I just stumbled across a relatively new swath of right wing postings about how the Federal Government used the Community Reinvestment Act (CRA) to "force" so many financial institutions into making risky loans. I actually went to this Department of Justice posting of an opinion issued to the Comptroller of the Currency by Bill Clinton's Assistant Attorney General Walter Dellinger on 15 December 1994. The most instructive excerpt is:
We believe that Congress has plainly spoken on the question of what enforcement tools are available to the agencies under the CRA. The CRA provides for enforcement only in the application context, requiring that the agencies shall take an institution's record of meeting the credit needs of its community into account when evaluating that institution's application for a deposit facility.

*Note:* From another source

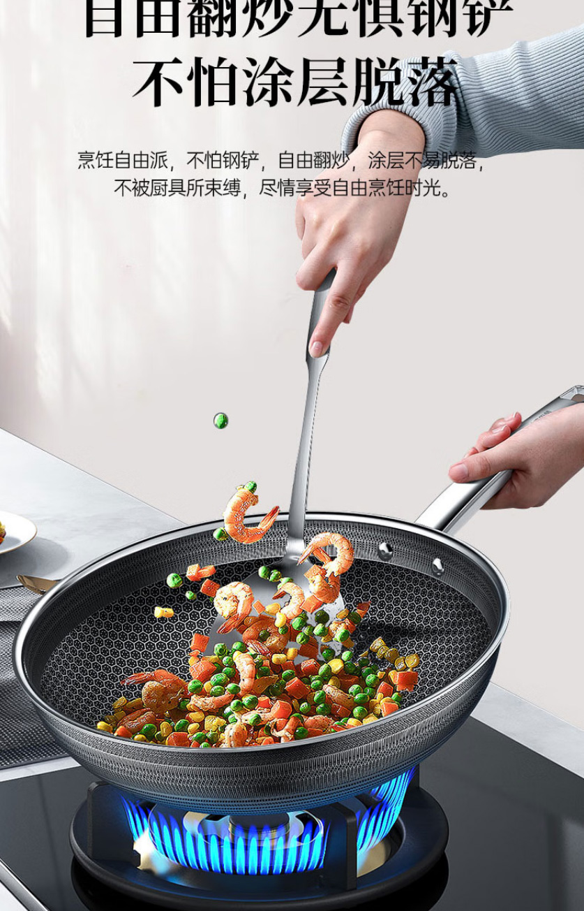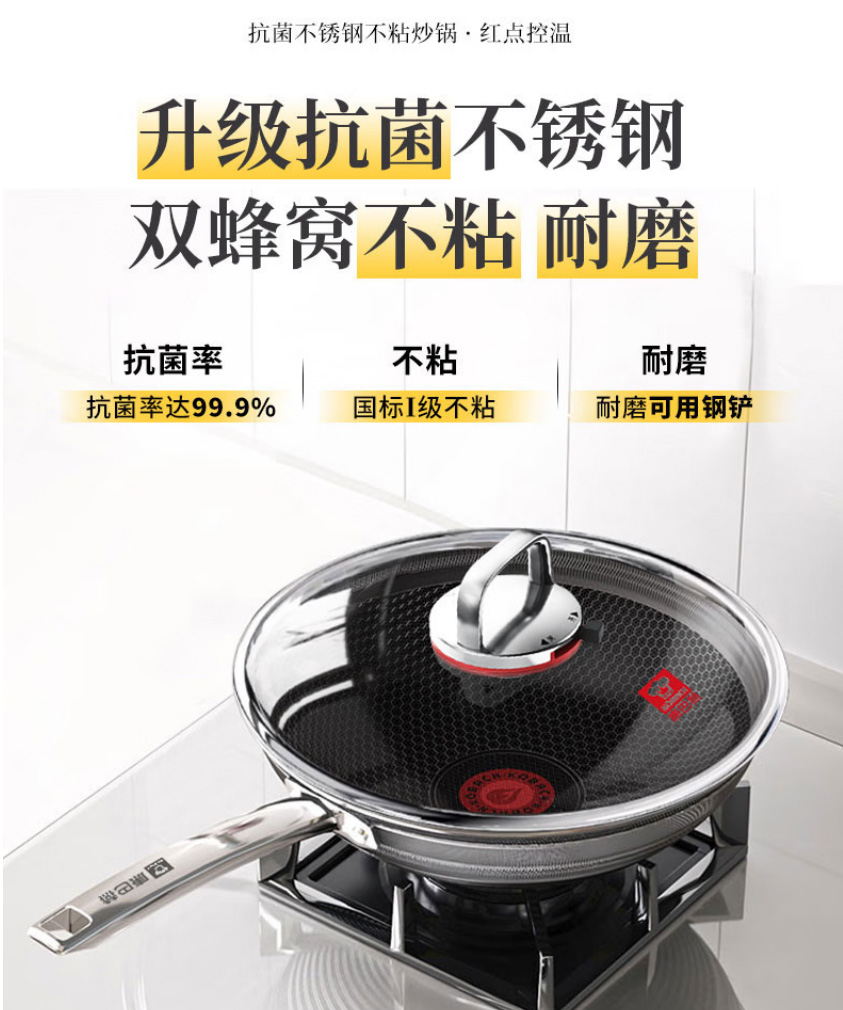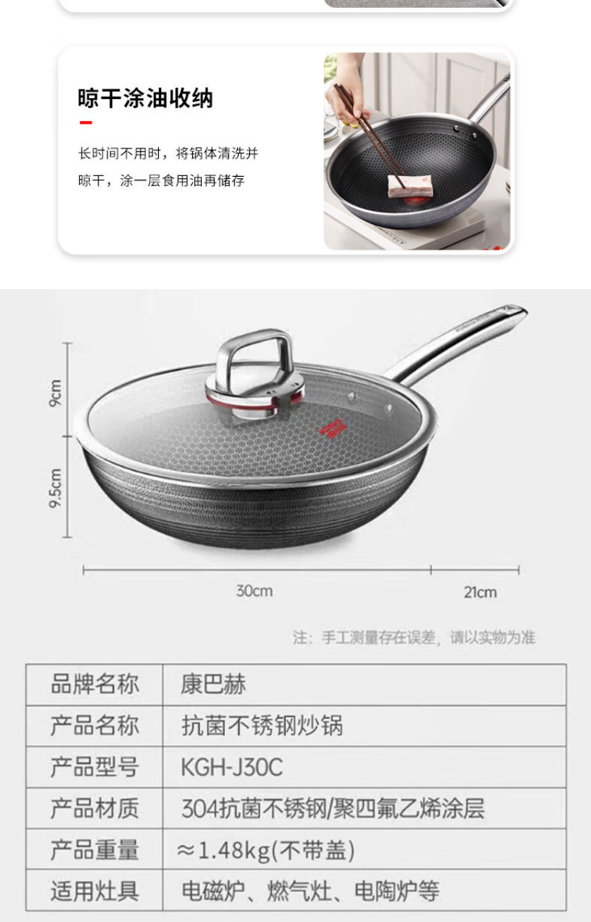 首页 >> 康巴赫炒锅不粘锅抗菌不锈钢炒菜锅煎平底锅30cm蜂窝锅电磁炉燃气灶通用 KGH-J30C

Congress specified only this one enforcement mechanism in the CRA, and we do not believe it is permissible for the agencies to employ other enforcement mechanisms, on the authority of the CRA, in the absence of some basis in the text of the statute. Agencies may act only pursuant to delegations of power that are explicit or can fairly be implied from the statutory scheme. See Railway Labor Executives Ass'n v. National Mediation Bd., 29 F.3d 655, 670-71 (D.C. Cir. 1994) (en banc).

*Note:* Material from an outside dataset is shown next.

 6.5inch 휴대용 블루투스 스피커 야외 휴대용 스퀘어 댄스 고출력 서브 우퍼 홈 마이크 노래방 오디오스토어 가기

The CRA contains no express directive for the agencies to use any other modes of enforcement, much less such coercive enforcement as cease-and-desist orders and monetary penalties, and there is no basis for inferring such authority from any provision in the statute.

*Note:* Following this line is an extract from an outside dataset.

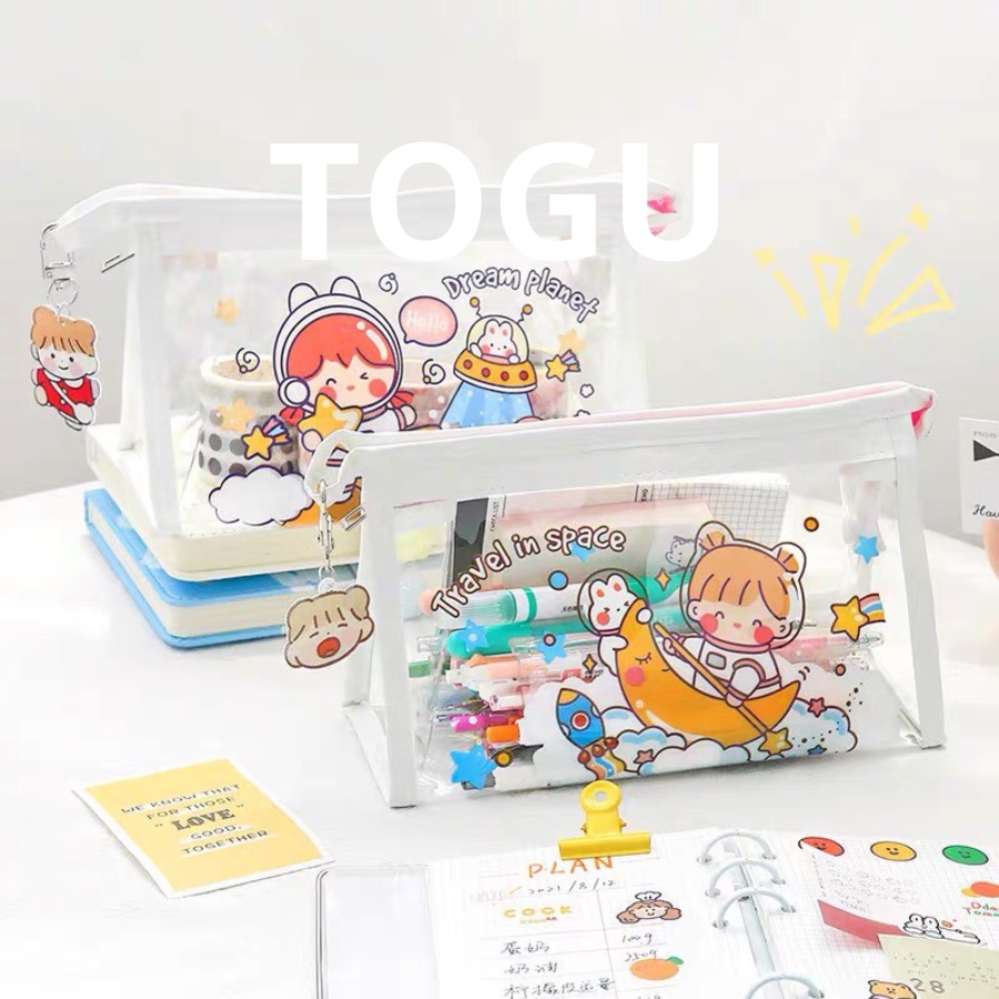 Túi đựng bút trong suốt TOGU hộp bút dễ thương túi đựng đồ dùng cá nhân hình hoạt dễ thương túi đựng đồ du lịch

Footnote 7 is even more illuminating as to the nearly complete impotence of the CRA to "force" anybody to do anything.
The case law recognizes that while the agencies are authorized to refuse to approve applications from financial institutions that do not meet the credit needs of their communities, they are not required to do so. In one case that involved a challenge to an agency's approval of an institution's application to open a branch office, the court refused to invalidate the approval on the grounds that the agency and the requesting institution had allegedly failed to comply with the requirements of the CRA. Corning Sav. & Loan Ass'n v. Federal Home Loan Bank Bd., 571 F. Supp. 396 (E.D. Ark. 1983), aff'd, 736 F.2d 479 (8th Cir. 1984). The court stated that "[t]he CRA itself does not provide for any sanctions for an unsatisfactory record, nor does it even define what an unsatisfactory record would be. The CRA merely requires that the Board assess an institution's community credit record and consider that record when evaluating branch applications."
Go to the link and read the entire text for yourself. If you are persuaded that the CRA enforcement mechanisms described made it the incredibly powerful blunt force instrument the right wingers contend, maybe you will support my idea. Modeled on the draconian punishment threat of the CRA, lets revise drug trafficking laws to eliminate criminal sanctions and even civil fines and penalties. If caught, just empower the police to deny drug dealers any ability to expand their business, take on new customers, or merge with other dealers. Obviously, if like the banks, they were denied the ability to do any of those things, they would be compelled to just pack it in and give up. Hell, the CRA sanctions were so scary that financial institutions not even covered by the CRA were intimidated and fell in line.